Тем вечером они отмечали конец недели с группой товарищей и носились по пустынному из-за комендантского часа Бейрану. Когда-то ночная столица была полна огней и веселья, теперь же только патрульные попадались в свет их фар.
— Чертовы беспризорники, — прошипел Герин, резко вывернув руль. — С этим надо уже что-то делать. Приюты финансировать что ли.
Френц, облившийся из-за его маневра коньяком, воскликнул:
— А давайте их повылавливаем прям счас и отправим в городской приют!
Идея охоты всем показалась просто гениальной. Но в рейде по грязным заброшенным домам повезло только Френци, остальные развлекались тем, что с молодецкими воплями гонялись друг за другом, лишь они с Герином сработанной парой обложили подвернувшегося крысеныша. И, как всегда, Герин не стал пачкать руки.

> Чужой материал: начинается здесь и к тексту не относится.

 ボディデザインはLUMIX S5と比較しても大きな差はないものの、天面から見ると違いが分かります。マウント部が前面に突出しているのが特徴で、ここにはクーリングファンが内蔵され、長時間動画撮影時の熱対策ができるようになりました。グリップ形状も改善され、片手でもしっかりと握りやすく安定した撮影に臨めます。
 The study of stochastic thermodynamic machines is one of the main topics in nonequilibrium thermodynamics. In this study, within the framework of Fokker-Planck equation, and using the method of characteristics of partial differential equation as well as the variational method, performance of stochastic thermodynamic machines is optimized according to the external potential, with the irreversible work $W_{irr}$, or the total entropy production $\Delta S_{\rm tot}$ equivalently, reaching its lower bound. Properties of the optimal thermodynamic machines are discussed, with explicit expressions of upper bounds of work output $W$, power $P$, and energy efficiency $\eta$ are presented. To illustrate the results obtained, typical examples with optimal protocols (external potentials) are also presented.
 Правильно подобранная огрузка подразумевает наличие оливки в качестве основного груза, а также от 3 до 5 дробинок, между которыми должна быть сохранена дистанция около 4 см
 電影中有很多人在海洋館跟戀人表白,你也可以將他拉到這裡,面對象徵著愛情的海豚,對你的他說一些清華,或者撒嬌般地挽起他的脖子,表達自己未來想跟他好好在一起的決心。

Позже они начнут кампанию по борьбе с беспризорностью, фотография Френца будет напечатана под треск пропаганды в журналах и размножена на портретах. “Доблестный группенфюрер Аушлиц спасает бездомного мальчика”. Или просто: “Аушлиц и сиротка”. “Спаситель ты наш, утешитель вдов и сирот”, — будет издеваться Герин при коллективном посещении очередного борделя. “Иди нахуй отсюда, — будет рычать в ответ Френц. — Ты меня импотентом так сделаешь”. Он станет председателем деткомиссии и будет курировать облавы и приюты, регулярно обрушиваясь с проверками на эти учреждения.

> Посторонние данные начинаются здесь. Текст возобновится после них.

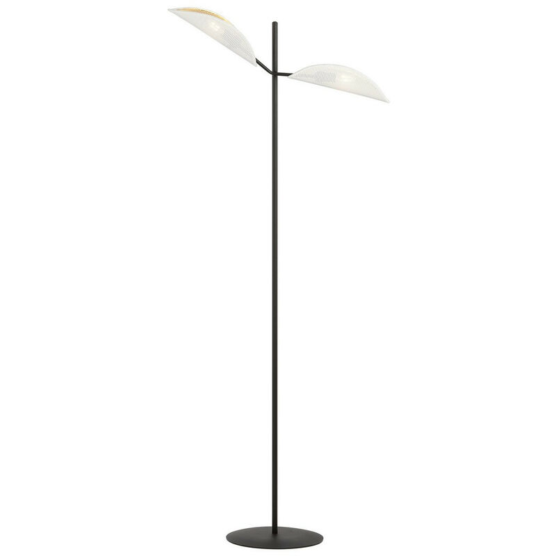 Emibig VENE Lampada da terra multibraccio nera con paralumi in tessuto bianco e oro, 2x E14 | Finitura: nero | Materiale: acciaio, paralume in tessuto | Grado di protezione IP: IP20 | Altezza: 150 cm | Larghezza: 69 cm | Diametro paralume: 12 cm | Tipo di lampada: E14 | N. di lampade: 2 | Lampadina inclusa: non inclusa | Peso: 3 kg | Potenza (max): 40 W
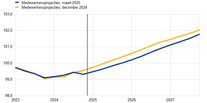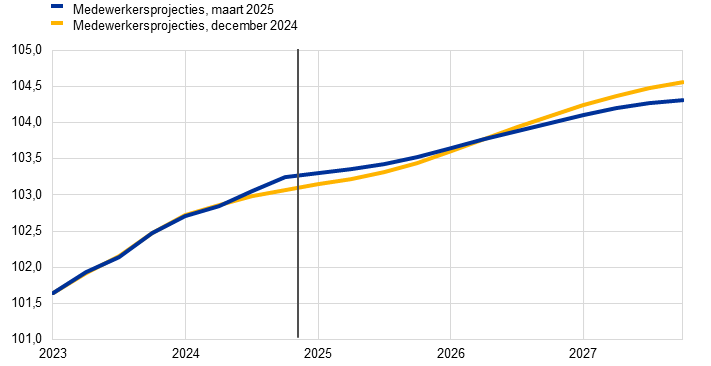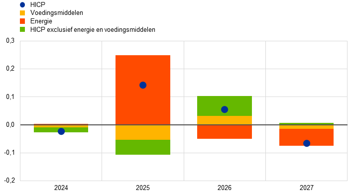 De totale HICP-inflatie is de afgelopen maanden gestegen, maar zal naar verwachting in de loop van 2025 enigszins matigen en vervolgens dalen, om vanaf het eerste kwartaal van 2026 rond de inflatiedoelstelling van de ECB van 2,0% te schommelen. Aan het begin van de projectieperiode zullen opwaartse basiseffecten in de energiecomponent en een hogere voedselprijsinflatie de neerwaartse effecten van een daling van de HICP-inflatie exclusief energie en voedingsmiddelen (HICPX) grotendeels compenseren. De stijging van de prijzen van energiegrondstoffen rond de jaarwisseling zal in 2025 doorwerken in het twaalfmaands mutatietempo van de energieprijzen. Hoewel de aanname is dat de prijzen van olie en gas in lijn met de futuresprijzen zullen dalen, blijft de energie-inflatie gedurende de gehele projectieperiode waarschijnlijk positief, zij het lager dan het historisch gemiddelde. In 2027 zal de energie-inflatie volgens de projecties worden opgedreven door de invoering van nieuwe maatregelen ter beperking van de klimaatverandering. De voedselinflatie stijgt naar verwachting tot medio 2025, voornamelijk als gevolg van recente forse stijgingen van de prijzen van voedingsgrondstoffen, alvorens te dalen tot gemiddeld 2,2% in 2027. Verwacht wordt dat de HICPX-inflatie begin 2025 gaat dalen naarmate de effecten van vertraagde herbeprijzingen wegebben, de loondruk afneemt en het effect van eerdere monetairbeleidsverkrapping blijft doorwerken in de consumptieprijzen. De daling van de HICPX-inflatie wordt naar verwachting voornamelijk veroorzaakt door de teruglopende diensteninflatie – die tot dusver relatief hardnekkig is geweest. Al met al matigt de HICPX-inflatie van 2,2% in 2025 tot 1,9% in 2027. De loongroei zou een neerwaarts traject moeten blijven volgen ten opzichte van het huidige nog steeds hoge niveau naarmate de druk van de inflatiecompensatie wegebt. In combinatie met het voorziene herstel van de productiviteitsgroei leidt dit naar verwachting tot een aanzienlijk tragere groei van de arbeidskosten per eenheid product. Als gevolg daarvan neemt de binnenlandse prijsdruk verder af, waarbij de winstmarges zich gedurende de projectieperiode herstellen. De externe prijsdruk, zoals weerspiegeld in de invoerprijzen, blijft naar verwachting gematigd, in de veronderstelling dat het handelsbeleid van de EU op het vlak van heffingen ongewijzigd blijft. Vergeleken met de projecties van december 2024 zijn de vooruitzichten voor de totale HICP-inflatie voor 2025 opwaarts bijgesteld met 0,2 procentpunt als gevolg van hogere aannames voor de prijzen van energiegrondstoffen en de depreciatie van de euro, terwijl deze voor 2027 licht neerwaarts zijn bijgesteld vanwege de iets zwakkere vooruitzichten voor de energiecomponent aan het einde van de projectieperiode.

Но тогда они не поехали ни в какой приют, запихнули мальчишку в броневик и продолжили веселье, и тот сидел в уголке до самого утра, когда Френц забрал его домой: не выкидывать же снова на улицу. Он затолкнул найденыша в ванную, а сам отрубился, рухнув на постель. И проснулся от прижимающегося к нему маленького теплого тела и влажного язычка, ласкающего член.

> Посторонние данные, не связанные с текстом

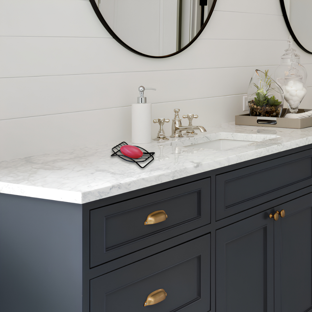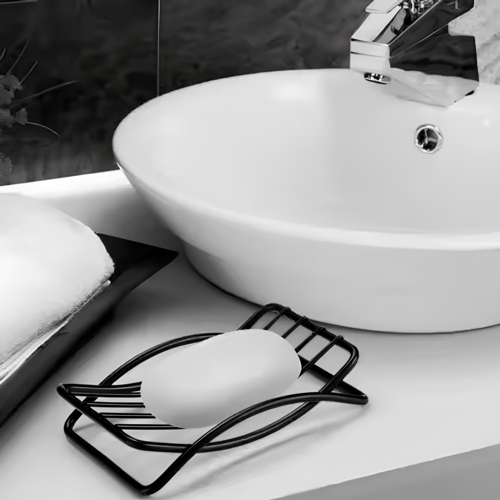 Saboneteira Aramada Aço Inox Preto Banheiro Porta Sabonete Design Moderno Escoamento Bancada
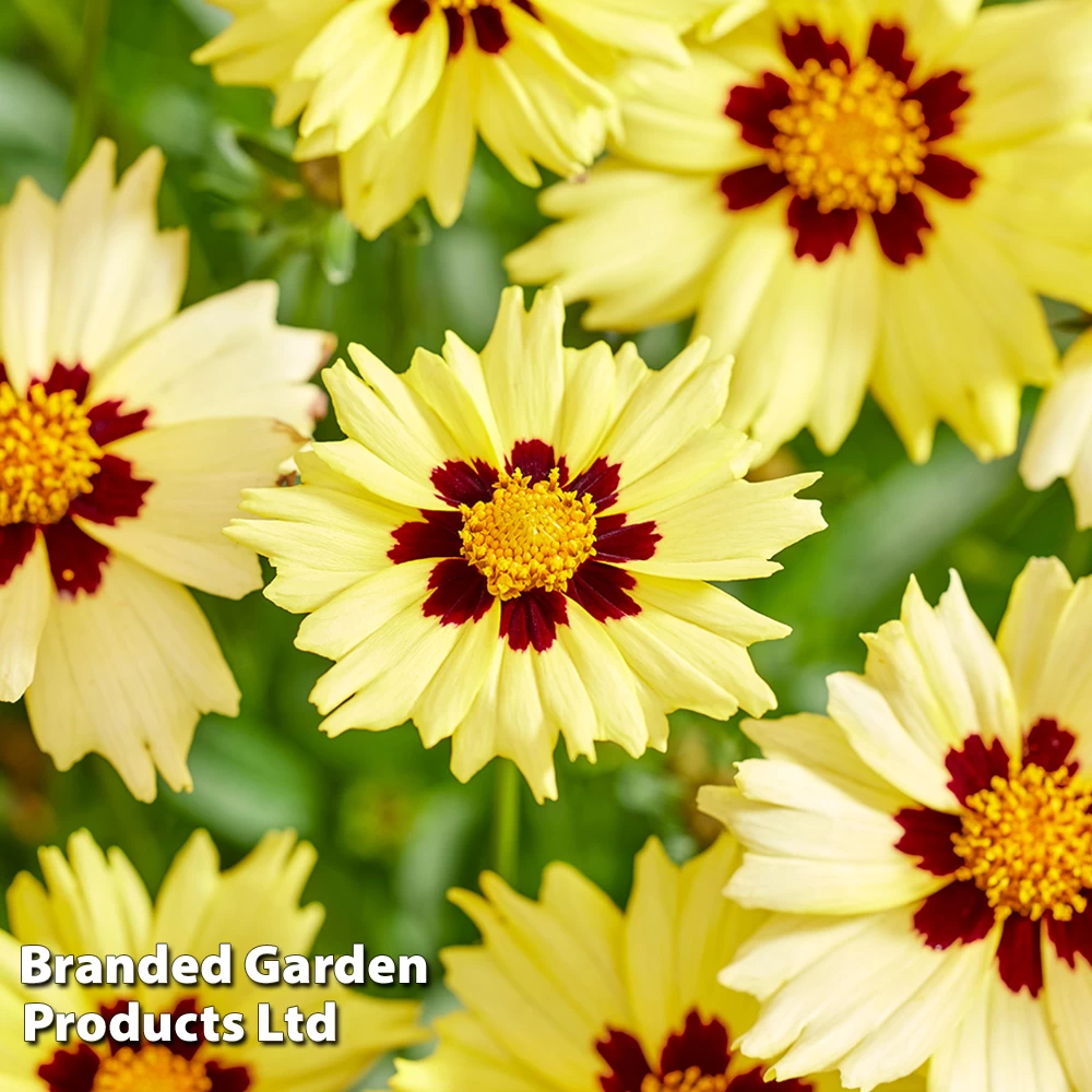 Big, bee-friendly flowers that go on blooming for weeks! Coreopsis ‘Solar Moon’ bears masses of pale yellow flowers with contrasting maroon blotches.
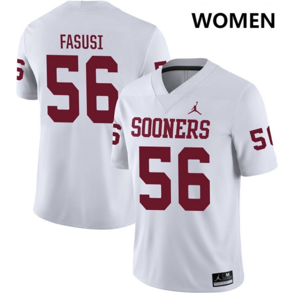• #56 Michael Fasusi Oklahoma Sooners White Women's Jerseys Game College Football
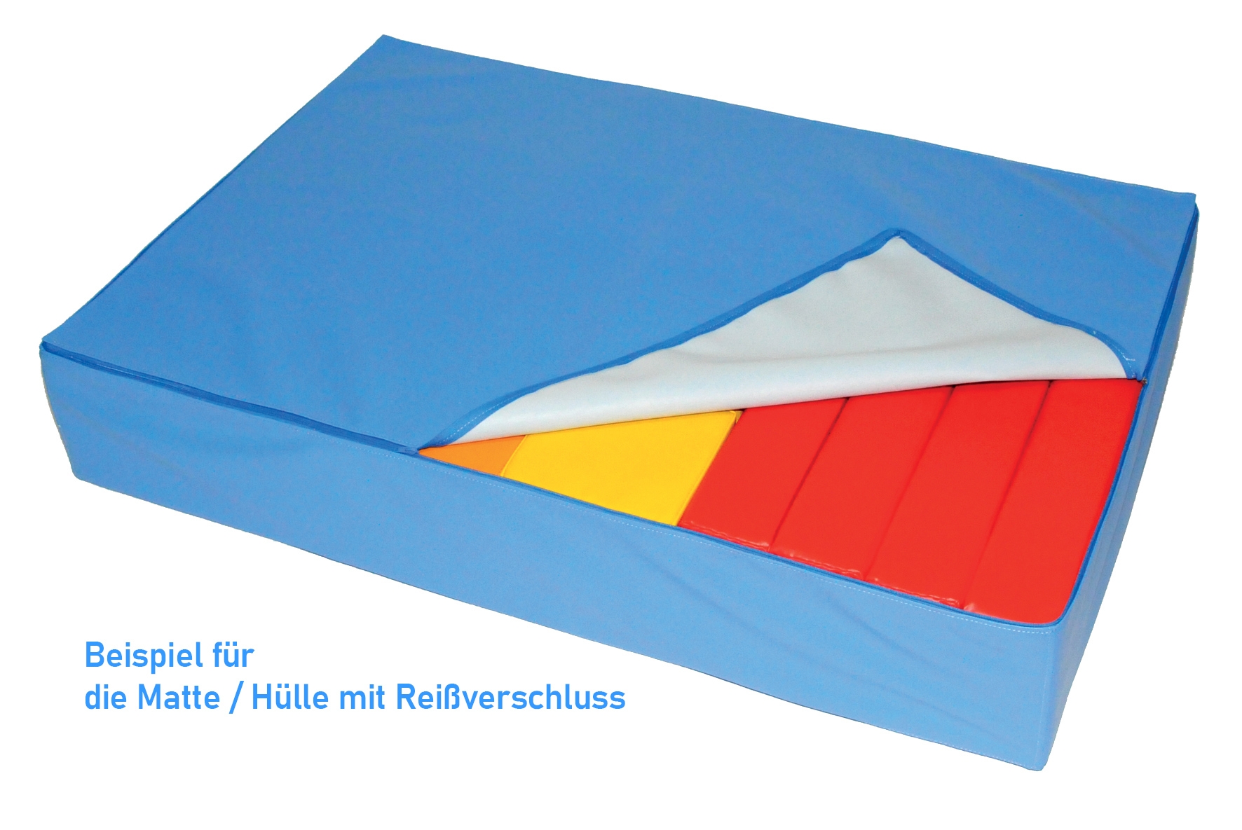 Die Matte mit Reißverschluss (blau): 120 x 80 x 10 cm (L x B x H) enthält:
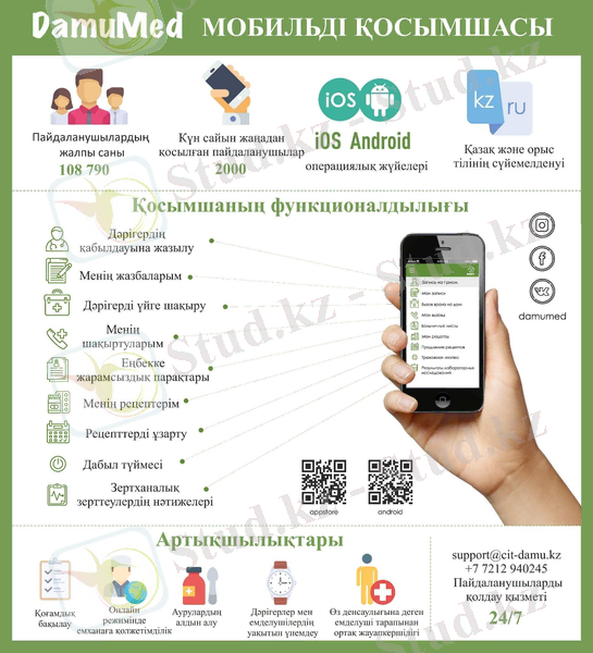 "DamuMed" қосымшасында келесі мүмкіндіктер бар:
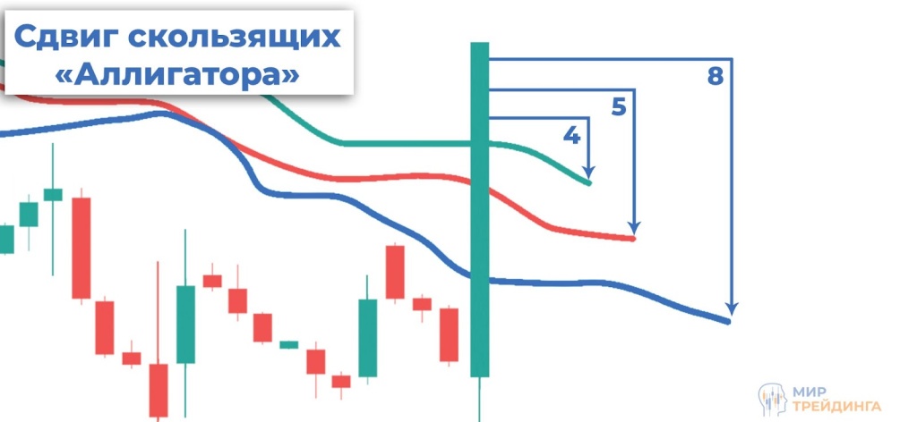 Челюсти аллигатора — синяя линия на 13 периодов и сдвигом на 8 свечей вперед. Челюсти можно считать основной скользящей, так как она показывает потенциальную границу среднесрочного тренда. Эффективна на старших таймфреймах.

— Захлопнул пасть и съебал отсюда, — рявкнул Френц, подскакивая и хватаясь за голову, что может быть омерзительнее, чем минет с жестокого похмелья.
Пацан метнулся в дальний конец кровати и злобно зыркнул оттуда:
— Что, не понравилось? А я бы и откусить мог!
— Кому может понравиться твоя тщедушная жопа, — Френц уже успокоился и решил проигнорировать заявление про “откусить”. — Пособие блядь по анатомии.